Determination of the main pathogenic factor and the role of other microbial candidates is a very important 
study. This report shares results of a metagenome analysis on bacterial diversity at community level that has 
been one of critical research efforts on EMS/AHPND in Vietnam in recent time.
A total of 7 metagenomic samples were extracted from farmed penaeid shrimp hepatopancrea tissues 
including 2 samples of healthy shrimp populations and 5 others of infected shrimps at regions of 16S rDNA, 
recA, and rpoB were sequenced by Illumina HiSeq technology. The DNA metagenome analysis revealed 
a wide range of bacteria groups up to 63/171 genera on healthy and infected shrimp hepatopancreatic 
samples, respectively. The mainly dominant bacteria (percentage on healthy/infected samples, respectively) 

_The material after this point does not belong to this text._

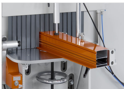
Frezarka do słupków AF 223/01
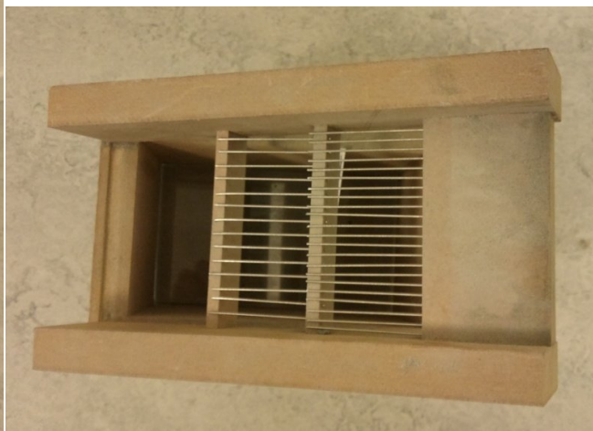
Figur 3 Vy av prototypen ovaifrån

were Pseudomonas (0.74/76.59%), Stenotrophomonas (0/13.44%), Enterobacter (0/1.75%), and especially 
Vibrio (0/1.28%). The routine pathogens such as Aeromonas, Enterobacter, Samonella, Vibrio were not found 
in hepatopancreatic samples of healthy shrimps. Remarkable differences in this study compared to other 
previous reports will be discussed with a focus on the factor Vibrio parahaemoluticus and the mechanism of 
transmission in relevance to prevention of the disease.
Keyword: penaeid shrimp, EMS/AHPND, metagenome, bacterial diversity
1 Research Institute for Aquaculture No. 3 - Corresponding email: hnphuc@ria3.vn
2 Institute of Biotechnology – Vietnam Academy of Science and Technology
I. INTRODUCTION
An emerging disease occured with serious 
loss to shrimp aquaculture in Asia since 2009. 
The outbreake of the disease so called Early 
Mortality Syndrome (EMS), and later defined 
as Acute Hepatopancreatic Necrosis Disease 
(AHPND) spread rapidly to Malaysia (2010), 
Vietnam (2011), Thailand (2012), and Mexico 
(2013) (Lightner et al., 2012; Leano and Mohan, 
2012; Zorriehzahra and Banaederakhshan, 
2015). The important effect of EMS/AHPND 
to shrimp production in the region has been 
very significant. In particular, it caused 22% 
shrimp production dicrease in China and 50% 
in Thailand in 2013. In general, EMS/AHPND 
epidemic made global shrimp production lower 
than expectation 23% (Chamberlain, 2013). In 
Vietnam, more than 81,000 ha of shrimp farms 
in Mekong Delta was lost due to EMS in the 
years 2011-2012 (Periodical report of Directorate 
of Fisheires, 2012). Several emergent efforts 
were done that led to preliminary conclusion 
of biotic toxins as causative factors of 
EMS/AHPND. The first brief metagenomic 
survey done by Centex Shrimp, Thailand 
showed unexpected results of finding 5 bacterial 
genera nerver known in shrimp previously. 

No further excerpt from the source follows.